Posted to user@spark.apache.org by Rares Vernica <rv...@gmail.com> on 2015/03/06 19:37:03 UTC
takeSample triggers 2 jobs
Hello,
I am using takeSample from the Scala Spark 1.2.1 shell:
scala> sc.textFile("README.md").takeSample(false, 3)
and I notice that two jobs are generated on the Spark Jobs page:
Job Id Description
1 takeSample at <console>:13
0 takeSample at <console>:13
Any ideas why the two jobs are needed?
Thanks!
Rares
Re: takeSample triggers 2 jobs
Posted by Denny Lee <de...@gmail.com>.
Hi Rares,
If you dig into the descriptions for the two jobs, it will probably return
something like:
Job ID: 1
org.apache.spark.rdd.RDD.takeSample(RDD.scala:447)

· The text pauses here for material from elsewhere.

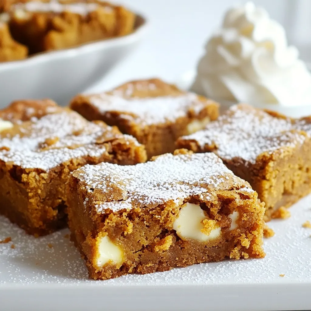 To make these blondies sweet and rich, I start with brown sugar. It gives a deep flavor. I use unsalted butter, melted for a smooth mix. Pumpkin puree adds moisture and a fall taste. Eggs help bind the mixture together. Vanilla extract adds a warm note.

$line41.$read$$iwC$$iwC$$iwC$$iwC$$iwC$$iwC$$iwC$$iwC.<init>(<console>:22)
...
Job ID: 0
org.apache.spark.rdd.RDD.takeSample(RDD.scala:428)
$line41.$read$$iwC$$iwC$$iwC$$iwC$$iwC$$iwC$$iwC$$iwC.<init>(<console>:22)
...
The code for Spark from the git copy of master at:
https://github.com/apache/spark/blob/master/core/src/main/scala/org/apache/spark/rdd/RDD.scala
Basically, line 428 refers to
val initialCount = this.count()
And liine 447 refers to
var samples = this.sample(withReplacement, fraction,
rand.nextInt()).collect()
Basically, the first job is getting the count so you can do the second job
which is to generate the samples.
HTH!
Denny
On Fri, Mar 6, 2015 at 10:44 AM Rares Vernica <rv...@gmail.com> wrote:
> Hello,
>
> I am using takeSample from the Scala Spark 1.2.1 shell:
>
> scala> sc.textFile("README.md").takeSample(false, 3)
>
>
> and I notice that two jobs are generated on the Spark Jobs page:
>
> Job Id Description
> 1 takeSample at <console>:13
> 0 takeSample at <console>:13
>
>
> Any ideas why the two jobs are needed?
>
> Thanks!
> Rares
>